Because we as the endusers decide on whether one cryptocurrency has value over another, we have the power to empower and dis-empower at a much greater level. While this sounds tumultuous, with enough participants it could be a much smoother ride as there is less opportunity for centralized manipulation and therefore, less opportunity for any one person to have a great deal more than anyone else in the same rate as it is in the world today. The reason is that due to the mobility and opt-in status, if the social network decides that they do not like the conditions, they opt-out.
Unlike a national currency, no one is tied to crypto.
What this can eventually lead to is a world where communities can form around currencies, or currencies around communities like could be the case with SMTs, and that community will be the deciding factor in the value of the currency they use, not some centralized authority that has no care about their community at all. If a Beanie Baby community wants to add a BB NFT they can and eventually, they won't be priced in centralized currencies, they will be tradeable across cryptos depending on needs.
I think a large part of the initial reason for centralized currencies was technological as it was only really possible to start trading widely across groups and varying products with a consistent marker. However, blockchains are able to not only track one currency, but could be used to compare values across multiple concurrently, being able to give a spot price at any given moment.
I can take a payment in Bitcoin, transfer it to Ethereum, buy a cryptokitty (Schrodinger's cryptocat project - is it alive or dead?), sell that cryptokitty for Enjin to play a game on a Samsung platform and after pwning, convert it into a token with which I can do my grocery shopping. The grocery store accepts the token because that is what they are going to convert into whatever needs they have for salaries and supply chain payments.
This was impossible for individuals to do until very recently - so we outsourced it to centralized authorities who then opted us into the system automatically with no built in opt out mechanism, other than the biological switch of death.
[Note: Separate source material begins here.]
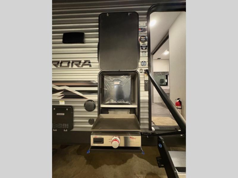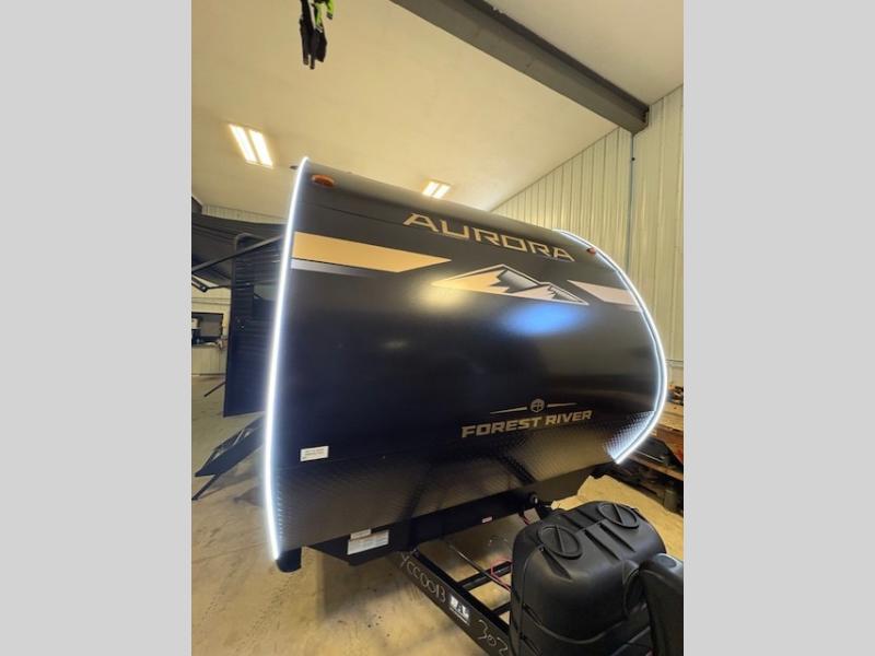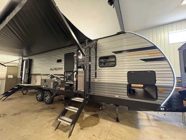 Comfortability, usability, and quality is what you will find in each one of these Forest River Aurora travel trailers, toy haulers or destination trailers! They are designed with a superior build and packed full with industry leading, functional, and distinctive standard features. SolidStep entrance steps and a Safe-T rail door assist on main entry door to help you safely enter and exit the unit. The diamond plate rock guard will protect your unit from road debris and the nitrogen filled radial tires, which keep their pressure longer, offer better fuel economy. You will also find upgraded JBL Elite exterior speakers outside, an electric awning with multicolor lights and remote, plus flush mount baggage doors for easy packing. The interiors are beautifully designed with a deep undermount farm style sink, stainless steel appliances, and linoleum flooring in the slide outs which will be easy to clean. Come find your favorite model today!

Now we have the capabilities, the only reason we still stay in the systematic cage created for us is, we are scared to take the responsibility for ourselves and leave.
Yes, this process isn't going to be smooth, nor is it going to happen over night, but the transition and its success depends on the same laws of supply and demand that have always been in place. That which is in demand holds value and therefore, gets supplied. Stop demanding centralized currencies and at whatever rate we can, opt into decentralized options. Sure, there is a risk that we will fail and be left with nothing in the real world, but that is where we are headed anyway.
Do you take the smooth path of certain death, or the fork into the unknown?